All's not new for England, who last played a Test match earlier this year. They also played a couple of Tests - one each against Australia and South Africa - last year. For them, the unknown lies more in the conditions, and adapting to them. England last played a Test match in India in 2005; there is no recent experience to draw from apart from white-ball games.
"Pretty quick turnaround - we have talked about that; we have done it before," England captain Heather Knight, for whom playing a Test match in India is one of her "bucket-list things as a cricketer" said. "We have played an Ashes Test match in Canberra in 2022, where we had two days' preparation.
"That can create a little bit of anxiety around not feeling ready. [It is] about getting the heads right around knowing exactly how to approach Test-match cricket, how you want to play and not thinking too much about conditions and pre-planning what might happen, because you don't know what surface you will get. We won't have the perfect prep but that is how it works in international cricket - it is about getting your head right and embracing the challenge."
Opener Tammy Beaumont is coming off a double-century in Nottingham, a knock that is now a good six months old. She pays heed to what her father reminds her every time she plays a game: "You start again on nought."
"It's funny actually," Beaumont, the first Englishwoman to score a Test double-ton, said on ESPNcricinfo's Ladies Who Switch podcast. "When Jon Lewis called me about selection news, [he said] 'I don't think there's a more in-form Test player at the moment.' I was like that was six months ago, how do you stay in form?
"You try and take learnings from each Test match you play. It is not something you can jump straight into. These days we play a lot of T20s and a lot of 50 overs, that becomes [automatic]. Whereas when you are learning to do things, you have to think about it again.

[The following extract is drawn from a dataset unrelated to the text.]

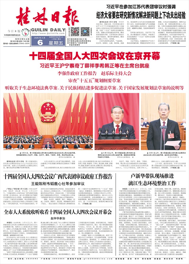 本报讯(记者陈娟)3月5日上午,第十四届全国人民代表大会第四次会议在北京人民大会堂隆重开幕。桂林市人大常委会机关干部职工、各级人大代表通过集中收看、自行收听等多种方式,关注开幕会盛况,认真聆听李强总理代表国务院所作的政府工作报告,共同感受国家发展脉搏,凝聚履职奋进力量。

"The big part is not thinking a lot about the big picture all the time. At Trent Bridge when we fielded for a day-and-a-half, when the final wicket fell, we had 470 [473] to get. If you do that you are shooting yourself in the foot somewhat. Whereas the most important thing was to get through to the next drinks break. Just get through to the new ball, make sure we don't lose a wicket before, whatever, seeing the shine off it. Next thing, change of bowler, what are they trying to do, how can I score of them, next bit. Oh, time to sit down now, tea time! Just try to constantly staying in that moment and thinking about that and not getting far ahead of yourself."
When the two teams take the field in whites on Thursday, a lot of things will be different. But they will reassure themselves with the thought that they have done their best in the limited time they have had, and let their skills and instincts take over.